Segment Open
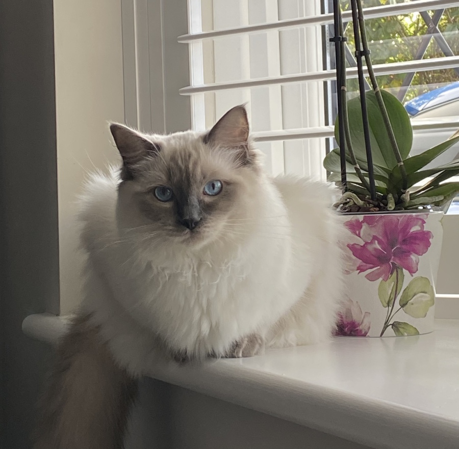 Our gorgeous, Gladtidings 4th Generation, home-bred seal mitted girl Cattleya, who is so laid back it is almost nigh on impossible to obtain a photo of her standing up, therefore, in the end I admitted defeat hence the laying down pose. She is such a pretty girl with the silkiest of coats, deep blue eyes and gorgeous little mittens. She is a lovely mix of non-traditional and traditional lines to ensure diversity within the gene pool.
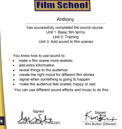 Hi everyone I learned about This film school and about how to make music with movies. it is cool I loved learning about different sounds in movies.
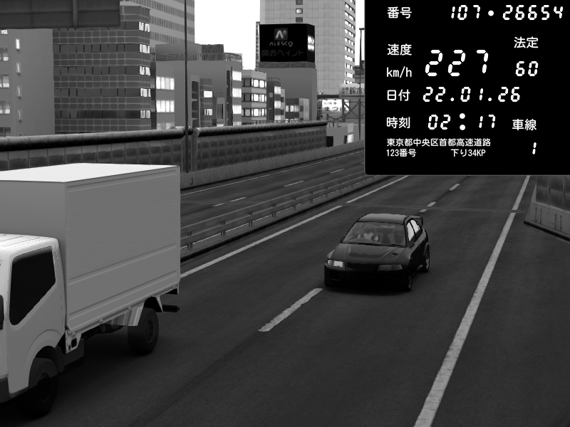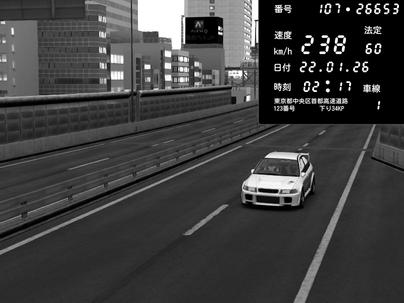 | 2026/01/22 02:17 | C1外回り 芝公園 | 238 / 60 km/h | snow_mogul | Mitsubishi Lancer Evolution V Wangan Spec | CAPTURE |
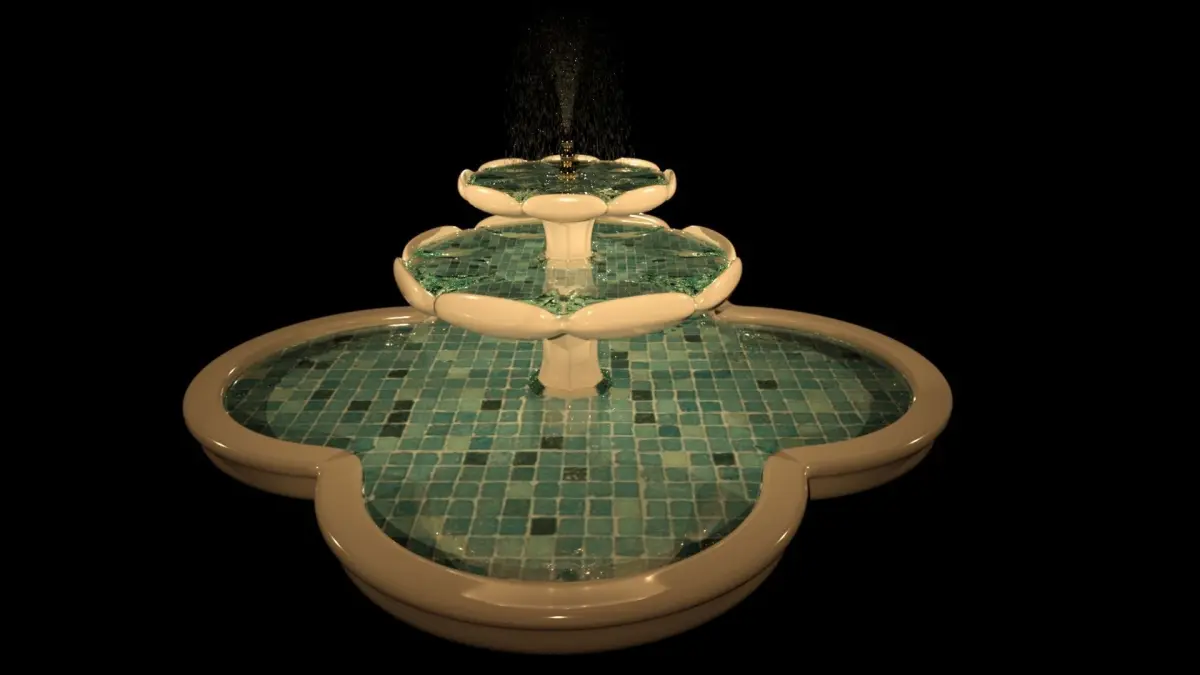 A Large three level water fountain finished in highly polished white marble and lined with small mixed blue tiles.The fountains top two pools are designed to look like open flower pettles allowing the water to to flow between each pettle downwards into the next pool.The fountain is crested with a polished brass water spray emitter.
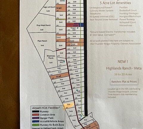Great 5 acre lot located on the Thunder Ridge Recreational Airpark for Fly In & Fly Out convenience. This a residential lot with room for your own Hanger. Water & Electricity are located at the street ready for hook up. Bring your plane, build a house & hanger for a wonderful getaway spot.
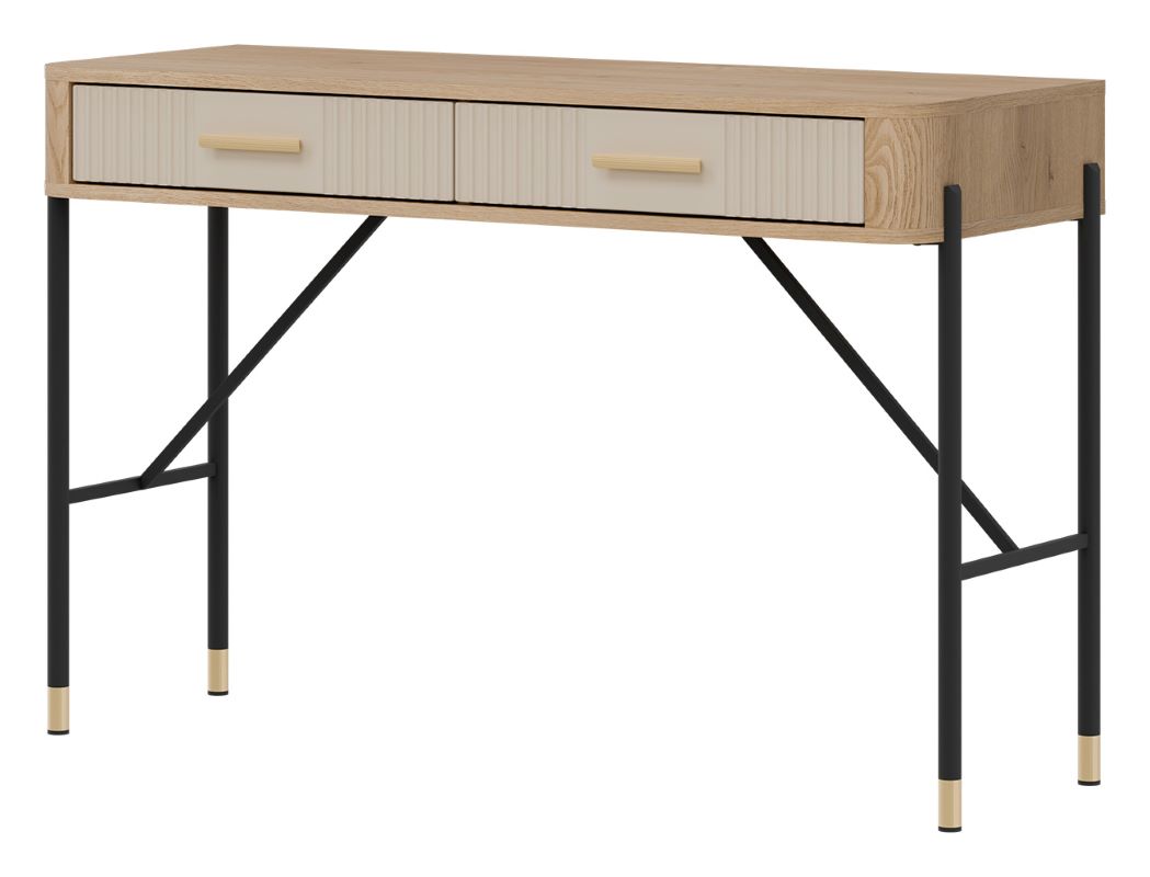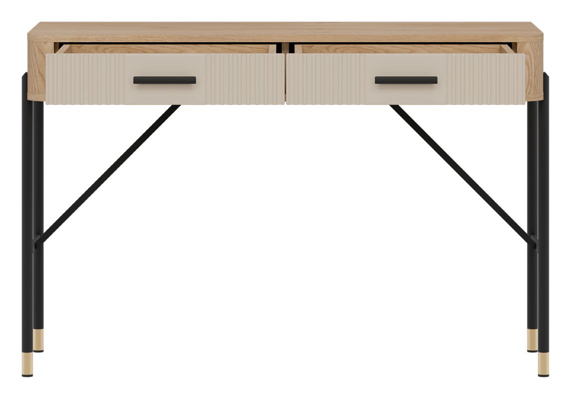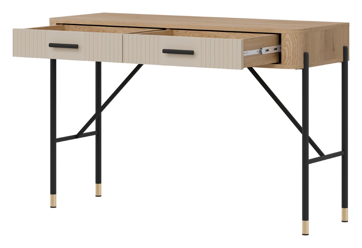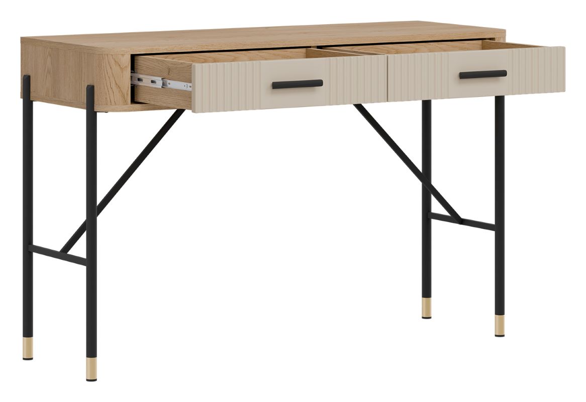 Model Dante DT19 kaszmir wyposażony jest w dwie pojemne szuflady, które zapewniają wygodne przechowywanie kosmetyków, biżuterii, dokumentów czy drobiazgów. Dzięki temu blat toaletki zawsze pozostaje uporządkowany i gotowy do użytku.
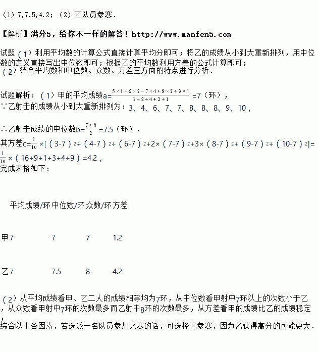 (2)分别运用表中的四个统计量,简要分析这两名队员的射击成绩,若选派其中一名参赛,你认为应选哪名队员?
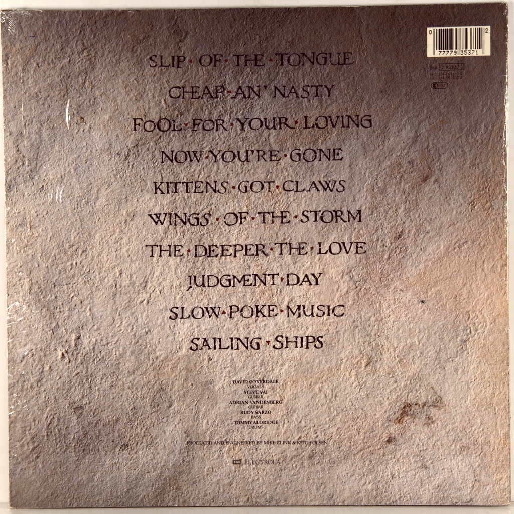 WHITESNAKE-SLIP OF THE TONGUE-1989-ПЕРВЫЙ ПРЕСС GERMANY-EMI 064-7935371. Slip of the Tongue - это восьмой студийный альбом британской хард-рок- группы Whitesnake , выпущенный в 1989 году. Альбом занял 10-е место на британском чарте альбомов и американском Billboard 200.
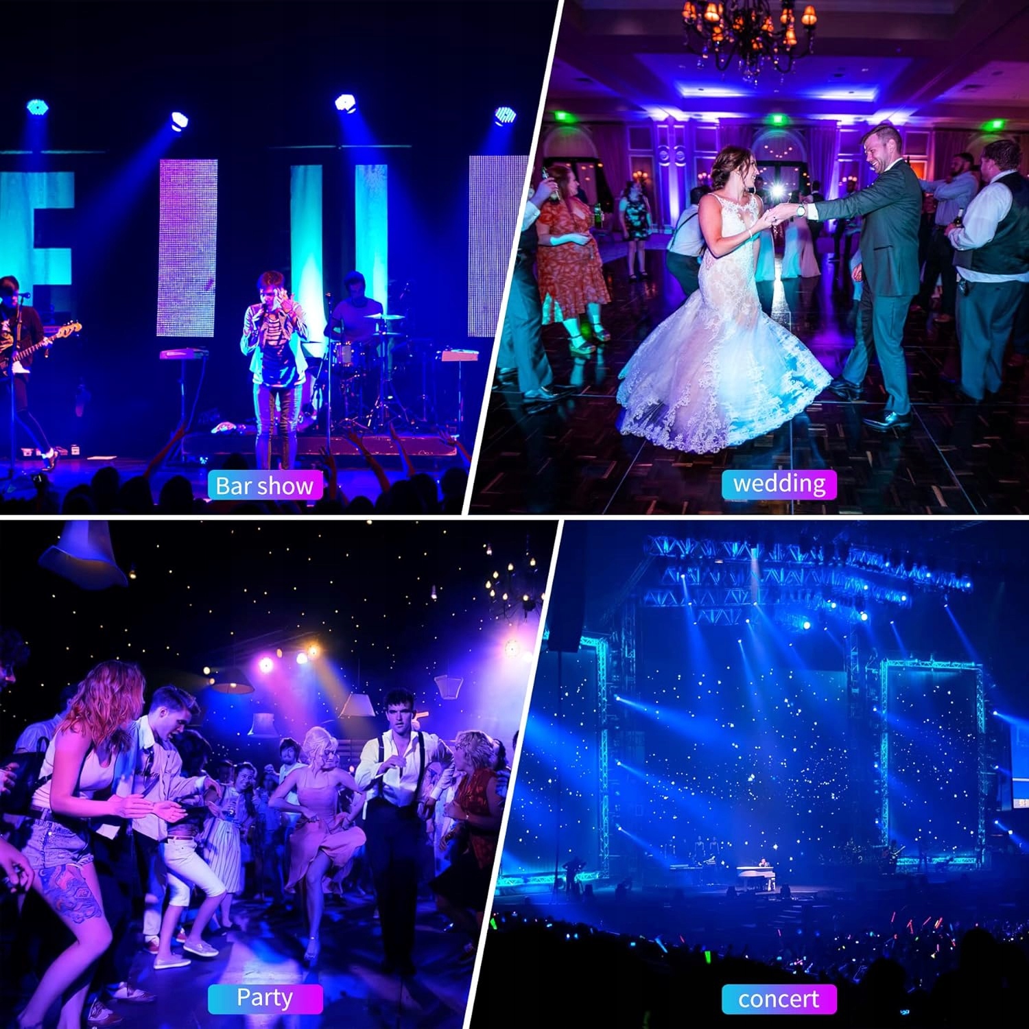 ✔ Консольное управление DMX-512: DMX512 — это профессиональный режим управления. Подключите светодиодный индикатор Par к консоли DMX. Инженеры по свету программируют красочные, привлекательные световые эффекты для мероприятий.
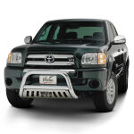 Westin(TM) E-Series Bull Bars are a front-end light bar designed for trucks and larger model SUVs. It is made of 3 diameter polished stainless steel tube. It mounts utilizing existing vehicle mounting points and installation does not require any drilling to the vehicle frame. Comes complete with mounting kit the Westin(TM) E-Series Bull Bar provides a mounting point for 2 auxiliary lights up to 6 in diameter. It features a die-cut Westin(TM) block logo design on the stainless steel skid plate unique to the Westin(TM) E-Series Bull Bar.
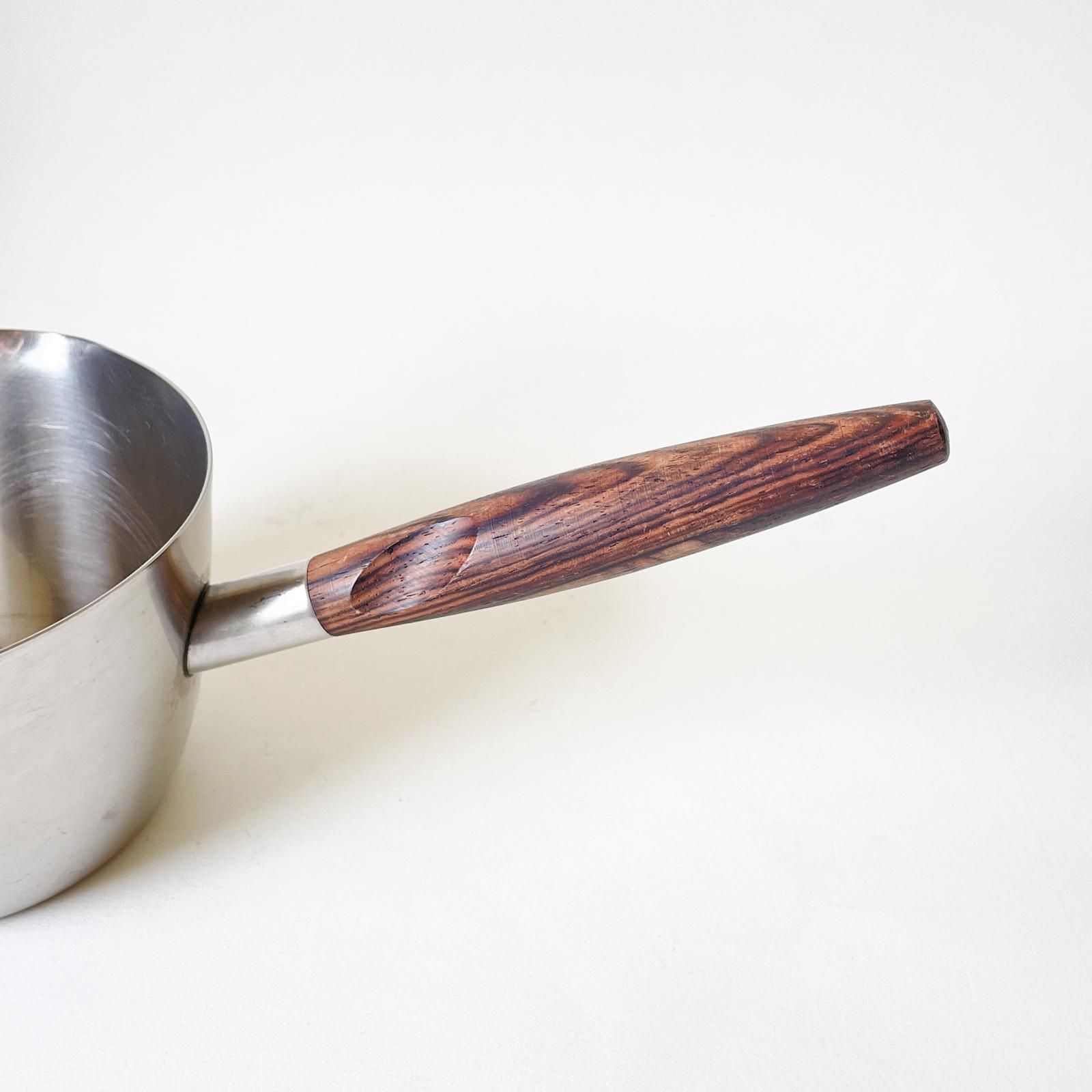 デンマークの老舗メーカーSTELTON|ステルトン社で生産されていた、ヴィンテージのミルクパンです。深さがしっかりあって容量は500mlあり。注ぎ口は右利き、左利き両方使える、ユニバーサルデザインです。ハンドルはこげ茶色のローズウッドが使われ、親指をあてて安定させるために凹みが作られていて、使いやすさを追求したデザインです。ステンレスとローズウッドの組み合わせの美しさと機能性を兼ね備えた、北欧らしいデザインです。
Segment Closed
● **YOUR OBJECTIVE**:
Copy only what runs above from the line containing "(2)分别运用表中的四个统计" through the line containing "WHITESNAKE-SLIP OF THE", exactly. Leave out the pictures.

● **SOLUTION FOR THIS EXERCISE**:
 (2)分别运用表中的四个统计量,简要分析这两名队员的射击成绩,若选派其中一名参赛,你认为应选哪名队员?
 WHITESNAKE-SLIP OF THE TONGUE-1989-ПЕРВЫЙ ПРЕСС GERMANY-EMI 064-7935371. Slip of the Tongue - это восьмой студийный альбом британской хард-рок- группы Whitesnake , выпущенный в 1989 году. Альбом занял 10-е место на британском чарте альбомов и американском Billboard 200.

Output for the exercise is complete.